966 reviews760 followers
January 5, 2021
A Genuine Trickster

To kick things off, Philip K. Dick is an American science-fiction writer who lived from 1928 to 1982, mostly around San Francisco, California. At least, that's often how he's labelled. However, the man is not your one-dimensional guy, by a long shot. A keen observer of the United States in the 50s to the 70s and California in particular, he is a proficient conceiver of theories about the nature of mankind and the reality we live in. Soon, you realise it is by no means obvious to decide whether PKD's latest theory is designed to be a charade or not.

As for me, since I first read the French translation of a short story collection titled 'Immunity' Immunité et autres mirages futurs in 2009, I suppose Philip K. Dick has been embodying a considerable cast of characters in my life.

First, the guy is a gifted storyteller, a full-fledged builder of universes both engaging and thought-provoking. Always working on his next pet theory, he is as good a teacher of scepticism as any, successively weaving and exposing elaborate layers of deception and simulation in his works.

He is also a somewhat endearing weird guy with a childlike wonder or puzzlement at the reality around him. The flipside of it being a propensity for bouts of violent, acute, severe, depression. Also, a well-established tendency to elaborate over the mundane events of life as it is, telling conflicting versions over what's what. And that certainly makes for great biography material!

Actually, from 2009 onwards, I suspect that I more than occasionally saw occurences both personal and collective in our mad world through this lens, applying the same careful test to the self-styled obvious, myself being by no means immune to moodiness, lack of... hmm practical sens regarding time, and a deep streak of scepticism, perhaps inherited from a complicated two-sided family life and conflicting—even jarring—versions about it.
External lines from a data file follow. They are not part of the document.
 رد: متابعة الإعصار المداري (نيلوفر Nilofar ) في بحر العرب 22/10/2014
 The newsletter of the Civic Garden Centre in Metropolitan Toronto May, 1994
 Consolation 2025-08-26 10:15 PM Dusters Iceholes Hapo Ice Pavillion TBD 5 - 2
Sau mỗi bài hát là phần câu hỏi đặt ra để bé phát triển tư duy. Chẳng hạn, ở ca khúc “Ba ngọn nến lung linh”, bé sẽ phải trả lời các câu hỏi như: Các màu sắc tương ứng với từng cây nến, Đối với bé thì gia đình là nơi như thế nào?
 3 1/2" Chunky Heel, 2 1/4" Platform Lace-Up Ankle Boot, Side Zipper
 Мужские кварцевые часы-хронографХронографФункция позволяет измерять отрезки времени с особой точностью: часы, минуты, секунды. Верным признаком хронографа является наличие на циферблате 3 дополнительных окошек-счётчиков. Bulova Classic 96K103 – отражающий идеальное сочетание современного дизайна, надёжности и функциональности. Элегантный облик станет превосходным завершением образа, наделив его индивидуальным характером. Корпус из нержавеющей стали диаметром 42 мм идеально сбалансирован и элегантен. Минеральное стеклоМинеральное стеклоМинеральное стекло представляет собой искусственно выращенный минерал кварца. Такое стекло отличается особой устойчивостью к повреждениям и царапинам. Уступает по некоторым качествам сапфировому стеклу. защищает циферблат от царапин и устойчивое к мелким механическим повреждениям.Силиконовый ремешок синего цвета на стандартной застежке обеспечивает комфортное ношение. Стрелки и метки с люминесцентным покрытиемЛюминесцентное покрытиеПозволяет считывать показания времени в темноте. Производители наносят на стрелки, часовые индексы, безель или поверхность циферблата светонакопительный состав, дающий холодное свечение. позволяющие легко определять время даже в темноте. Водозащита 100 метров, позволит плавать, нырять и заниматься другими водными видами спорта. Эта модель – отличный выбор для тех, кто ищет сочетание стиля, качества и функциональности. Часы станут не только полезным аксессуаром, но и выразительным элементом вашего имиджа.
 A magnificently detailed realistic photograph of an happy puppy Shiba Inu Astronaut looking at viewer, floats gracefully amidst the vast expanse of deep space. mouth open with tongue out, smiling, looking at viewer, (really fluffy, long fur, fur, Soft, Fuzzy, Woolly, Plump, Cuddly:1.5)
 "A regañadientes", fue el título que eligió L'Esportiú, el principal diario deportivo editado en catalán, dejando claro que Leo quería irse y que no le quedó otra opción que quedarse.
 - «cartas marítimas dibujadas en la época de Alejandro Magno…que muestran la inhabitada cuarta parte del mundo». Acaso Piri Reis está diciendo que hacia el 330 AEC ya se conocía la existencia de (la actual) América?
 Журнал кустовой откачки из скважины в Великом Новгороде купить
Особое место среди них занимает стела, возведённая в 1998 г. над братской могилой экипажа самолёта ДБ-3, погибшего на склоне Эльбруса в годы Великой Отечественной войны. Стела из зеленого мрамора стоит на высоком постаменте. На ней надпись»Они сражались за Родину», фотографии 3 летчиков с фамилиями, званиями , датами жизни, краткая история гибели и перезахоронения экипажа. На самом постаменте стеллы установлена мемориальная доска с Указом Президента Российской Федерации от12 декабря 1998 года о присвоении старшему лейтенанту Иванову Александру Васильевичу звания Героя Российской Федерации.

As years passed, I have been reading fewer and fewer of his works (the peak being somewhere between 2009 and 2012) however I kept on using this rigorous and yet imaginative way to look at the world as a maze, deceptively simple, all along. Reading the biography, I realised how vicariously I have been living lately, especially since the outbreak of Covid-19 and the first lockdown in March 2019. And be certain this work is no exception: it demonstrated how much I need to rely on other people's views when gauging the purpose, the value, the worthiness of life and its ambivalent interactions. Studies, jobs, decisions about my familial relationships, unrequited loves, travels, studies, you name it. The 'PKD Method' (the Voigt-Kampff test?), or rather the corpus of interrogations projected by Dick on reality (the reality projected by Dick?) has been behind many a decision, conscious or unconscious, I bet!

With some relatives and friends, he has always been a touchstone of reality somewhat, all these years. Until now, I have only ventured once into an 'authorial' account of the writer's life (namely, I Am Alive and You Are Dead: A Journey into the Mind of Philip K. Dick). Discussing the book with Tara and Mike, I thought it was time for me to apply the careful scrutiny to the original scrutinizer himself :) So here it is!


Now to the merits of the biography proper:

1) The research I deem outstanding. It certainly rivals S.T. Joshi's I Am Providence: The Life and Times of H.P. Lovecraft (a biography of H.P. Lovecraft), if not in terms of mere page count, then in how much insight you can get from reading Divine Invasions :)

2) Lawrence Sutin does not sugarcoat the narrative about his subject: you learn quite a bit about Dick's marital life, his wife Kleo's unfailling support (ill repaid*), Anne's bright personality, Nancy's human warmth and worth, Tessa's patience... Dick's qualities as a husband and shortcomings and flaws on the other hand: his propensity for falling in and out of love in rapid-fire succession, his need for a good audience, attention, control and some form of, yes, motherly support from his five successive wives.

At his very worst, he was harsh and dismissive about his mother, could prove physically violent with his wives — unnerving accusations to and from Anne, general unreliability (especially in 1971-1974) bouts of erratic, reckless behaviour. The biography even relates two disturbing, quasi-homicidal episodes.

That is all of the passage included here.